Callisto est partie, j'en suis sûr. Et peut-être que je me cherche une excuse. Pour mettre des mots sur ce tiraillement que je ressens, cette oppression dans ma poitrine. J'essaye de me dire que si Callisto est loin, il n'y a certes plus personne pour me remonter les bretelles, mais également plus personne pour me venir en aide.

Je suis entre les griffes d'un démon.

Pourtant, c'est une pensée à double-tranchant, une sensation multidirectionnelle. Je ne me sens pas en danger, du moins bien moins que lorsque j'ai entendu les pas de la séraphine quand elle est revenue, ayant perçu le bruit de mon agitation jusque dans l'Agora. Au fond, je ne pense pas que je m'en serais sorti simplement avec quelques sermons, si on m'avait surpris dans cette situation.

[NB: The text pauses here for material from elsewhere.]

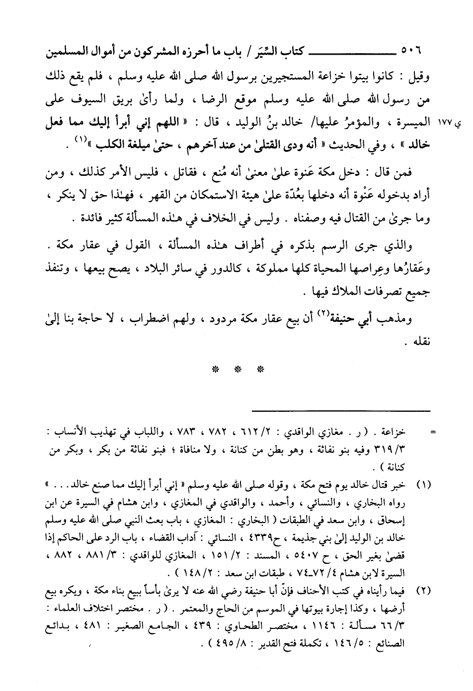 (1) خبر قتال خالد يوم فتح مكة، وقوله صلى الله عليه وسلم " إني أبرأ إليك مما صنع خالد ... " رواه البخاري، والنسائي، وأحمد، والواقدي في المغازي، وابن هشام في السيرة عن ابن إسحاق، وابن سعد في الطبقات (البخاري: المغازي، باب بعث النبي صلى الله عليه وسلم خالد بن الوليد إلى بني جذيمة، ح 4339، النسائي: آداب القضاء، باب الرد على الحاكم إذا قضى بغير الحق، ح 5407، المسند: 2/ 151، المغازي للواقدي: 3/ 881، 882، السيرة لابن هشام 4/ 72 - 74، طبقات ابن سعد: 2/ 148).

J'aurais sûrement subi le même sort que Rowen quelques années plus tôt.

Peut-être pire.

Lentement je relève les yeux. Elle n'a pas bougé, toujours cette entité impossible à décrire. Un mélange de tout et de rien, un visage fin et presque lisse. Quelques reliefs de cicatrices la parsèment, c'est imperceptible de loin, même moins visible que la galaxie sur ses joues et son nez. Les lueurs chaudes qui baignent l'habitacle dansent comme des flammes dans ses yeux. C'est hérissant, je me sens nauséeux. Et j'ai chaud. Il fait chaud ici, c'est tiède mais sec : ce n'est définitivement pas une Hydros. Elle aurait déjà péri, sinon.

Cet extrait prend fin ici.